Given data:
********
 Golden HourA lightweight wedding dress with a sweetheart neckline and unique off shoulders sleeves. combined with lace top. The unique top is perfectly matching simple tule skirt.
********
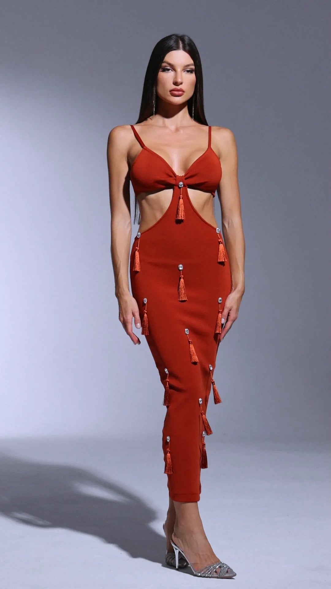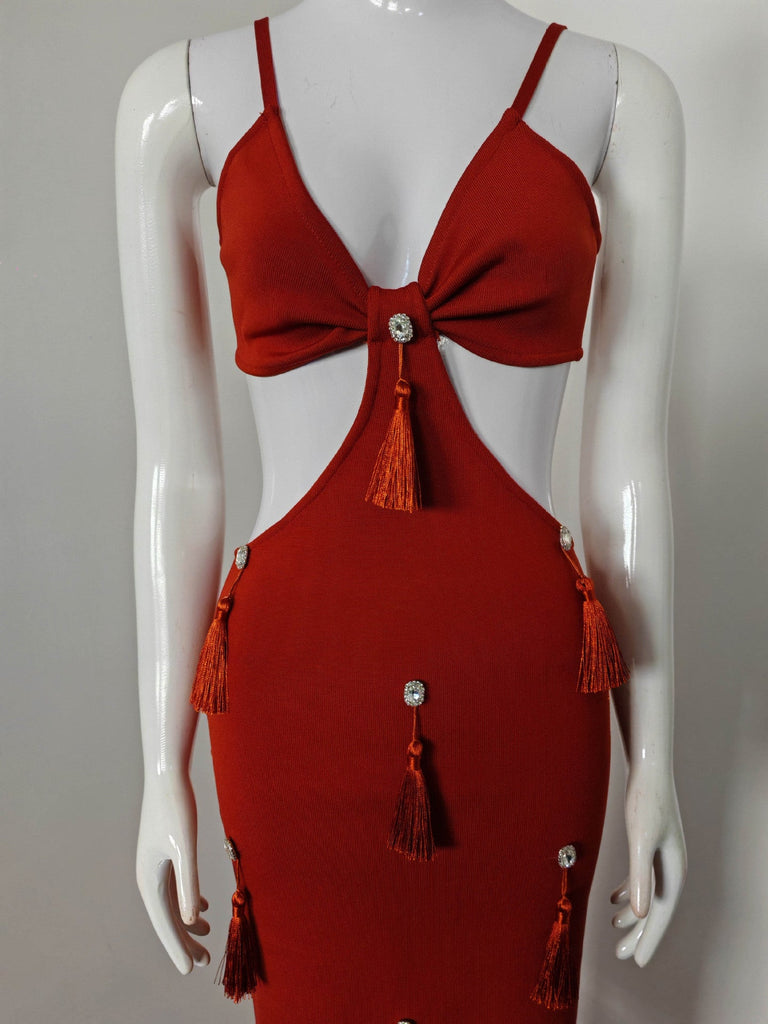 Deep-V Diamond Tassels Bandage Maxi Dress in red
********
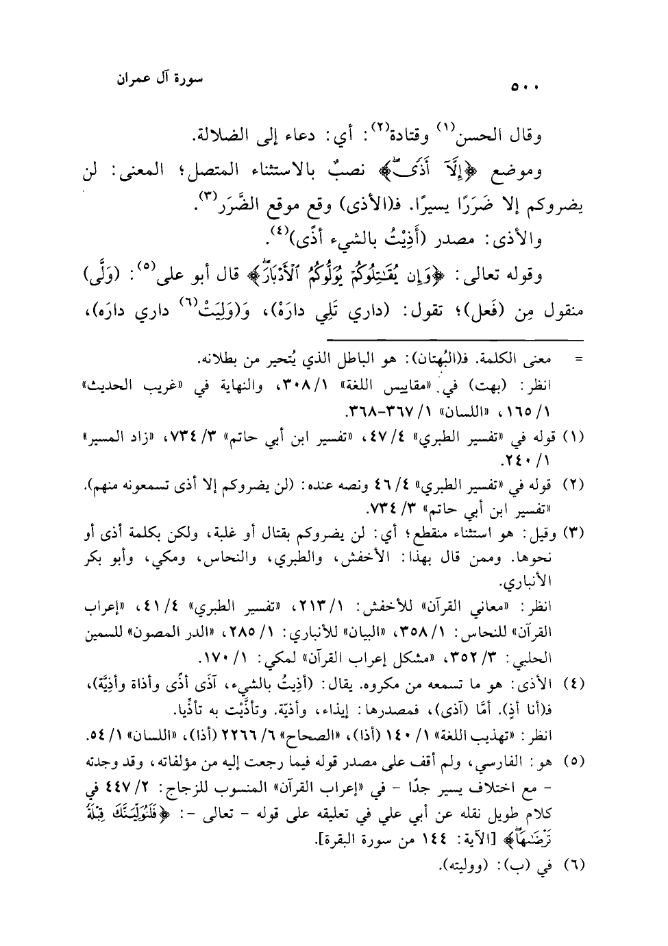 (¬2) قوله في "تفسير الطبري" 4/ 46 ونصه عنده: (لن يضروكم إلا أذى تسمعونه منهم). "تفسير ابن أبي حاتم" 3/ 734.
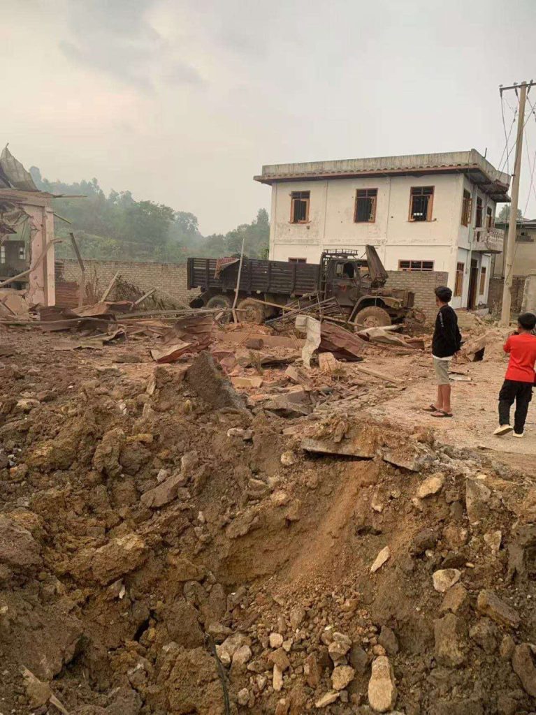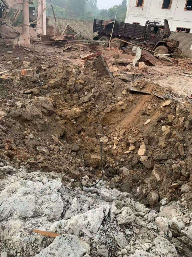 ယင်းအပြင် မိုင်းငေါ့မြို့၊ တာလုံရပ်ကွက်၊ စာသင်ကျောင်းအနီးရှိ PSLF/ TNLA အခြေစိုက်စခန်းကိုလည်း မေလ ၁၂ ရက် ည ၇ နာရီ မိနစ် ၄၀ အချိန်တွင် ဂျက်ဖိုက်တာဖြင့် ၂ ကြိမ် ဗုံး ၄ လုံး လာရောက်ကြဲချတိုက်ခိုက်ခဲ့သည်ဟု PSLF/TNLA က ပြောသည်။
********
Assigned task: Using the data above, which lines fall from the one with "(¬2) قوله في" through the one with "ယင်းအပြင် မိုင်းငေါ့မြို့၊ တာလုံရပ်ကွက်၊"? Repeat them exactly, ends included, minus any pictures.

Task output:
 (¬2) قوله في "تفسير الطبري" 4/ 46 ونصه عنده: (لن يضروكم إلا أذى تسمعونه منهم). "تفسير ابن أبي حاتم" 3/ 734.
 ယင်းအပြင် မိုင်းငေါ့မြို့၊ တာလုံရပ်ကွက်၊ စာသင်ကျောင်းအနီးရှိ PSLF/ TNLA အခြေစိုက်စခန်းကိုလည်း မေလ ၁၂ ရက် ည ၇ နာရီ မိနစ် ၄၀ အချိန်တွင် ဂျက်ဖိုက်တာဖြင့် ၂ ကြိမ် ဗုံး ၄ လုံး လာရောက်ကြဲချတိုက်ခိုက်ခဲ့သည်ဟု PSLF/TNLA က ပြောသည်။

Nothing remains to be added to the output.